Screaming_womansmall1

We all know our users can have really strong opinions about our stuff.  And we all know we need to listen carefully.

My very favorite user comment of all time came from a young woman who had been using this cool design tool (something I’d built) for about 12 weeks.  At the end of the project, I was doing the standard debriefing of the users, asking what they liked and didn’t like, what worked, what didn’t work, what was frustrating… the usual sort of post mortem on a project. 

She told me that my software, my baby, the thing I’d been working on for the past 2 years was “..the most white male fascist tool I’ve ever had the misfortune to use…”

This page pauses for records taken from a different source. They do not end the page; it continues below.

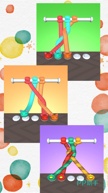 《彩绳排序3D版》每个绳子交错以及纠缠的形式都是不相同的,游戏里融入了多类型令人难以捉摸的解谜要素,并且设计了五彩斑斓的彩绳,每一个关卡中的通关思路,包括绳索设计的谜题机制,都有着其玄妙无比的设计,打造了令玩家们信手拈来的操控系统,在这里,需要运用你的慧眼如炬, 去解开相互交错的绳结。
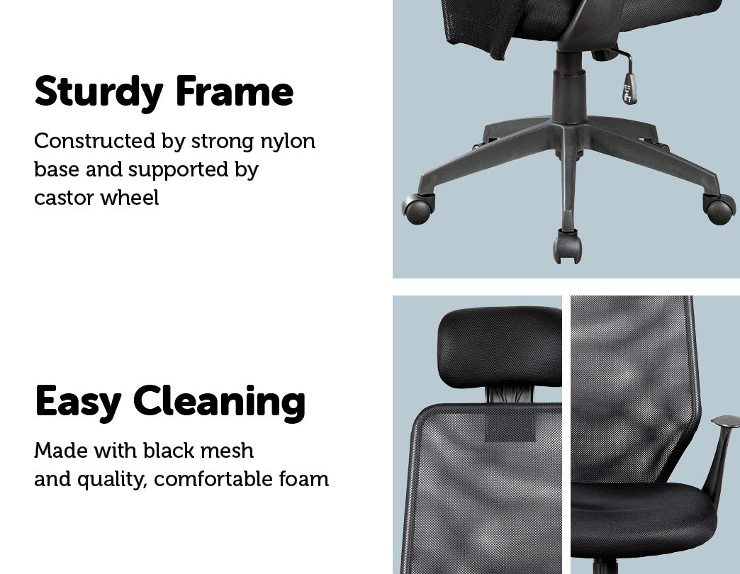 The chair is constructed with a black mesh for superior comfort which conforms to your back and spinal column, giving you the energy and proper support to power through the day. A dedicated headrest is perfect for leaning back and taking a little break. A convenient gaslift makes height easily adjustable from 118.5cm to 128.5cm. And a nylon base with 5 castor wheels provide an easy way to rotate and wheel around.
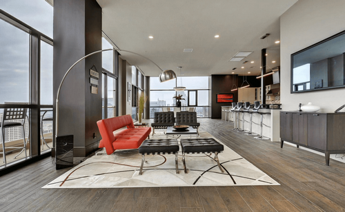 Sàn nhà chiếm diện tích đáng kể trong phòng, do đó bạn nên sử dụng những vật liệu sàn như gỗ, thảm trải khắp phòng khách và các phòng liền kề để tạo trực quan về không gian rộng mở hơn, cũng như tạo một dòng chảy cho thiết kế của bạn. Tránh sử dụng những đoạn có màu sắc tương phản trên sàn nhà.
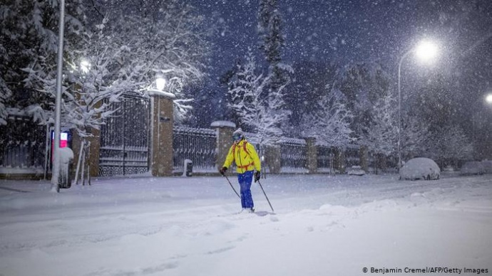 В Мадриде не было такого снегопада с 1971 года. Мэр города опубликовал в соцсети Twitter видеообращение с призывом к горожанам оставаться дома. Однако его призыв остался не услышанным - жители Мадрида все равно гуляли по городу - дети лепили снеговиков, а взрослые передвигались на лыжах.
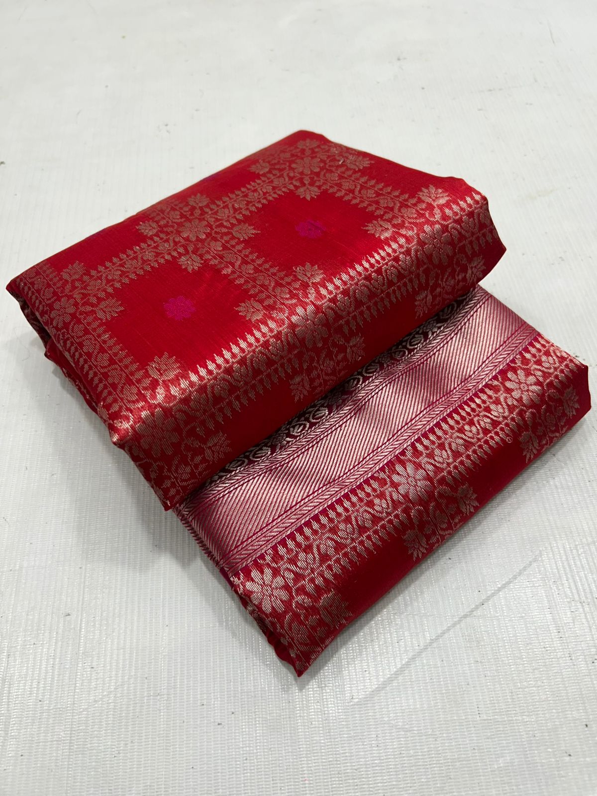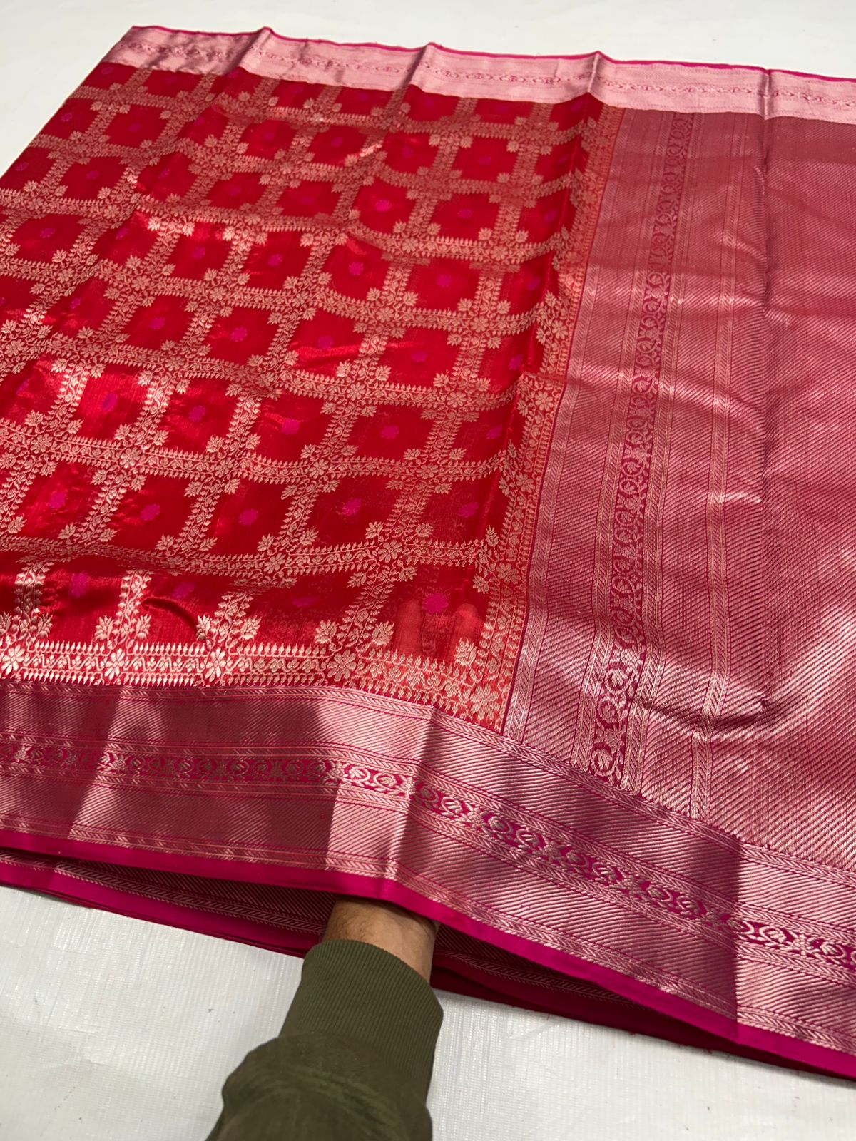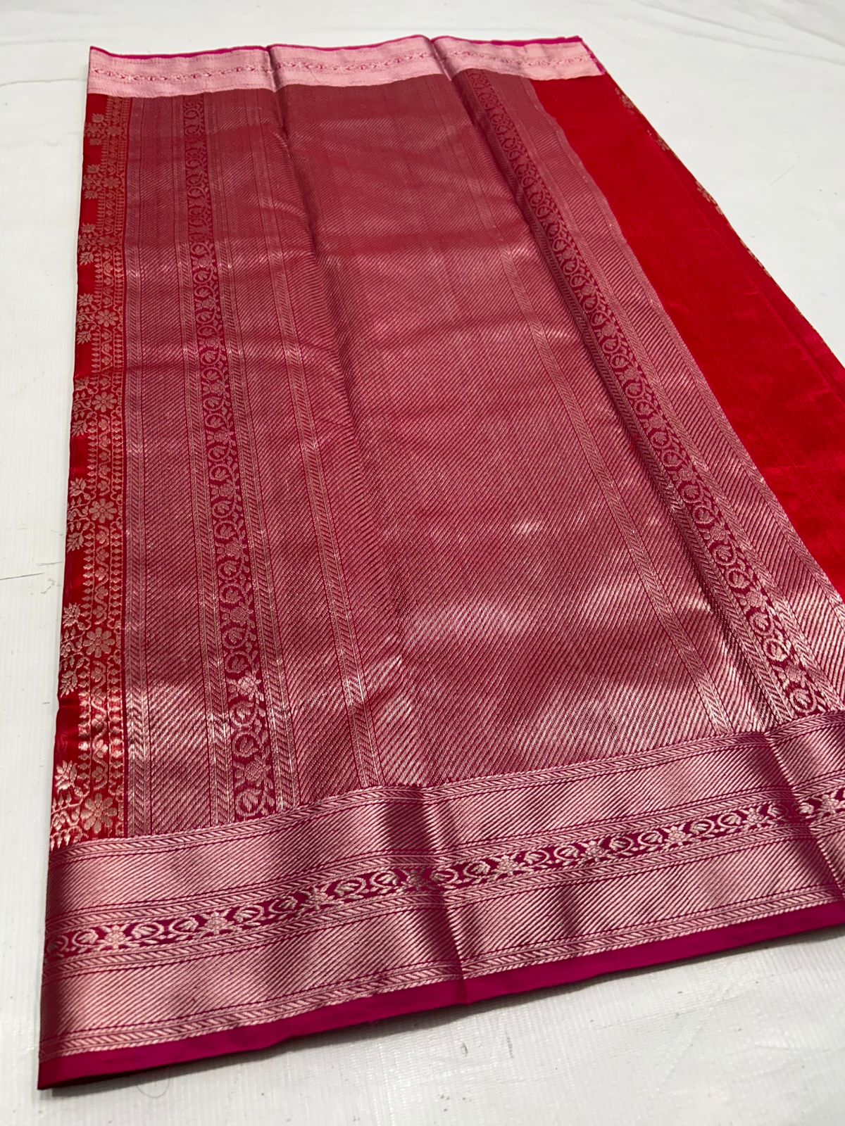 Red Chanderi Handloom Pattu Silk Saree
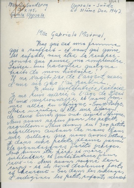 [Carta] 1947 déc. 31, Uppsala, Suède [a] Gabriela Mistral [manuscrito] Blenda Sundberg.

I was somewhat taken aback.

“Ah, yes…”  I stalled for time, desperately trying to hold it together.  “And what made you feel this way?”

The conversation went on for some time after that (as you can imagine).  And while it was a painful episode, it was a really valuable learning experience. 

Although I knew intellectually that not everyone would see my system as I did, I was floored by her reaction.  But it made the point: as a designer, you really have to be aware of other folks opinions (even when they don’t jibe with yours), and you have to know what it is you’re building.  Sometimes, your product is going to passionately piss people off.  Sometimes, that’s okay.  In many cases, you simply can’t design a product that will make everyone sing your praises and want to send you roses.  I love my iPod, but I know there are some people who think it’s devil spawn.  If Steve can’t get everyone to love his things, I’m not sure I can. 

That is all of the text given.